- Directed by: Andrew Marton
- Written by: Lawrence P. Bachmann Jerry Davis
- Produced by: Richard Goldstone
- Starring: Gene Kelly Pier Angeli Richard Egan
- Cinematography: Václav Vích
- Edited by: Ben Lewis
- Music by: Rudolph G. Kopp
- Production company: Metro-Goldwyn-Mayer
- Distributed by: Loew's Inc.
- Release date: August 29, 1952 (New York);
- Running time: 96 minutes
- Country: United States
- Language: English
- Budget: $1,005,000
- Box office: $1,485,000

= The Devil Makes Three (film) =

1952 film by Andrew Marton

The Devil Makes Three is a 1952 American thriller film noir directed by Andrew Marton and starring Gene Kelly, Pier Angeli and Richard Egan.

==Plot==
Former Eighth Air Force bomber crewman Captain Jeff Eliot returns to Germany in 1947 to visit the family who rescued and hid him from the Nazis after his plane was downed over Munich in World War II. He learns that most of the family was killed by an American air raid. The only survivor is the daughter, Wilhelmina "Willie" Lehrt, who is working as a hostess in a nightclub and hates Americans. However, Eliot romances Willie and in his time at the nightclub, he develops a friendship with a comic named Heisemann.

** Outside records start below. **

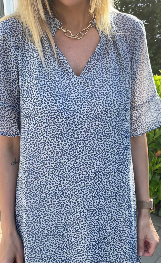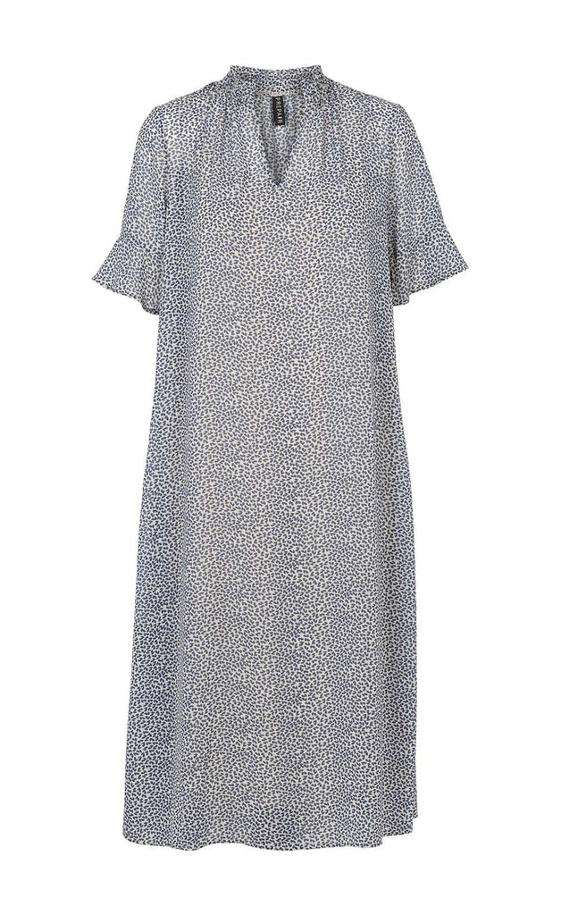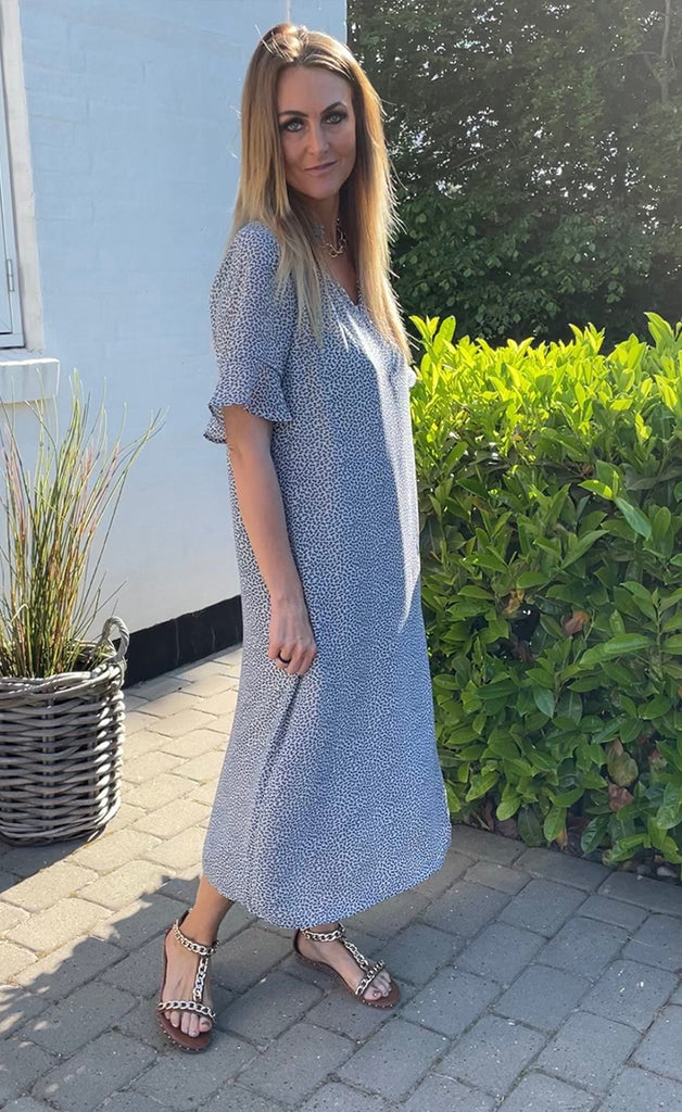 Kjóllinn er með v-hálsmáli og pífu á ermum.
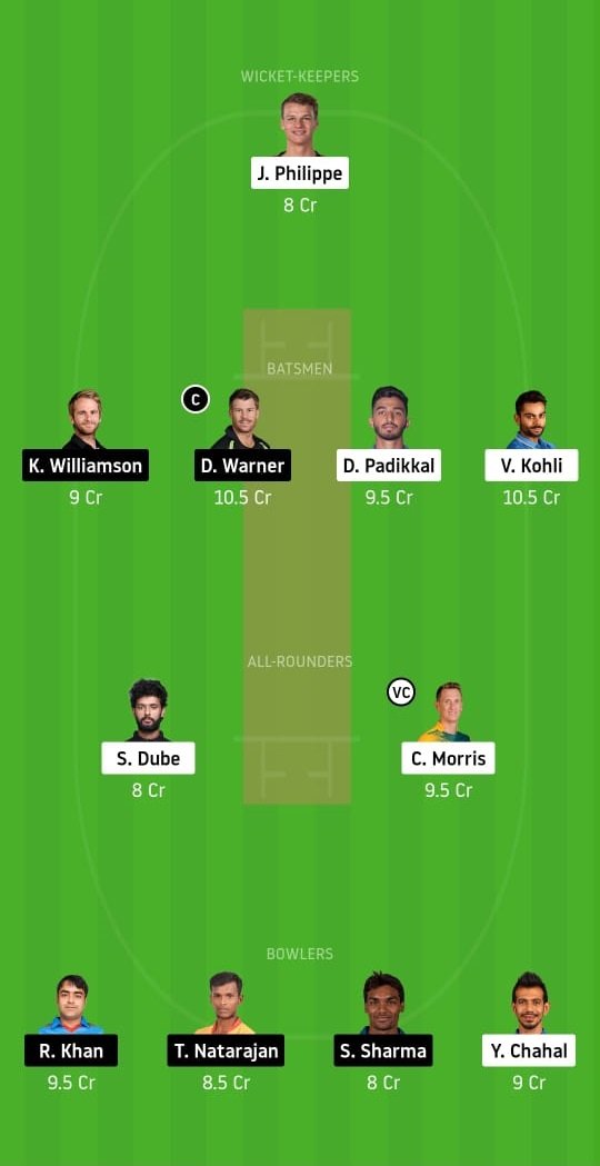 Josh Philippe, Devdutt Padikkal, Virat Kohli, David Warner (c), Kane Williamson, Shivam Dube, Chris Morris (vc), Rashid Khan, T Natarajan, Sandeep Sharma, and Yuzvendra Chahal.
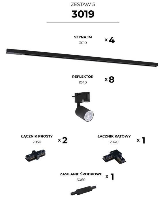Sada 3019 1-fázového systému je praktickým a efektivním řešením pro instalaci stropového osvětlení ve vašem interiéru. Tato sada obsahuje vše, co potřebujete pro vytvoření jednoduchého okruhu
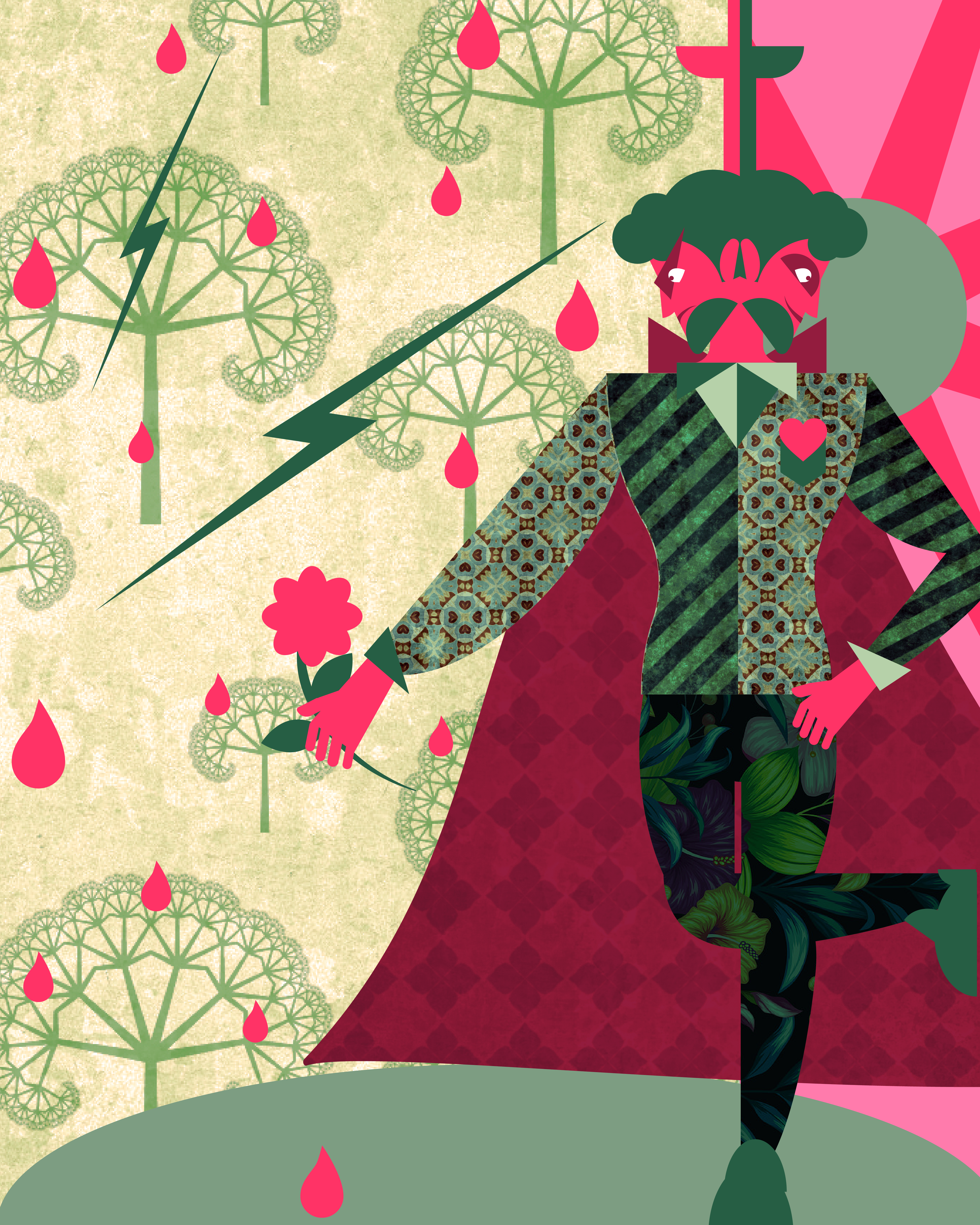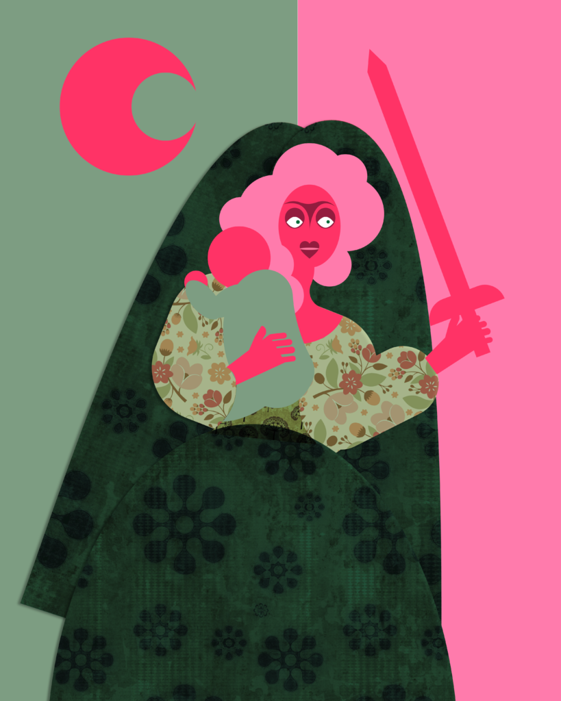 Una figura archetipica a metà tra maternità e guerriera. La palette oppone il verde alla saturazione del magenta, in un contrasto emotivo tra cura e vigilanza. I pattern floreali sono tessuti di memoria domestica – una pelle che veste la difesa.
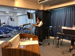 前半賛美担当の清水さんと奏楽の小畑さん。
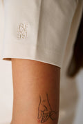 Majica dolazi u krem, beloj i crnoj boji. Na levom rukavu smo dodali detalj, BÉBÉ logo u boji majice.
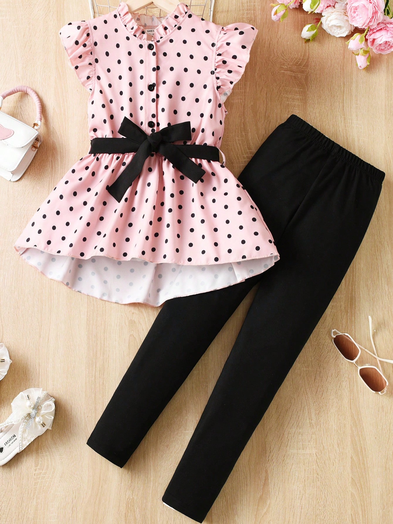 SHEIN Kids FANZEY Girls Polka Dot Print Ruffle Trim Belted Top & Leggings

Heisemann has secret ties to an underground Nazi revivalist movement. When Eliot discovers the truth, he informs his superiors, who order him to continue his relationship with Willie to learn more about Heisemann's operation.

==Cast==
- Gene Kelly as Captain Jeff Eliot
- Pier Angeli as Wilhelmina "Willie" Lehrt
- Richard Rober as Colonel James Terry
- Richard Egan as Captain Parker
- Claus Clausen as Heisemann
- Wilfried Seyferth as Hansig
- Margot Hielscher as Bar Singer
- Annie Rosar as Mrs. Keigler
- Harold Benedict as Sgt. at Airport
- Otto Gebühr as Mr. Nolder
- Gertrud Wolle as Mrs. Nolder
- Heinrich Gretler as Keigler
- Charlotte Flemming as	Girl in Telephone Booth
- Charles Gordon Howard as Lt. Farris
- Bum Krüger as Oberlitz
- Claus Lombard as Waiter
- Iván Petrovich as Sigmund Neffs
- Sepp Rist as 	Customs Official - German
- Michael Tellering as 	Ernst Haltmann
- Ruth Megary as Waitress

== Production ==
The film's climax takes place in Berchtesgaden, and the scenes in which Heisemann is chased through the rubble were filmed inside the ruins of Hitler's house just before its final demolition by the German government. In the scene's final frame, Heisemann stands facing his captors in the notorious huge picture window of the house.

==Reception==
In a contemporary review for The New York Times, critic Howard Thompson called the film "a synthetic, pallid and erratic endeavor" and wrote: "Jerry Davis' script is a predictable and rather sluggish account of a tender post-war romance ... which sags tediously in a welter of starry-eyed conversation and adds up to little more than a Continental Western."

According to MGM records, the film earned $743,000 in the U.S. and Canada and $742,000 elsewhere, resulting in a loss of $57,000.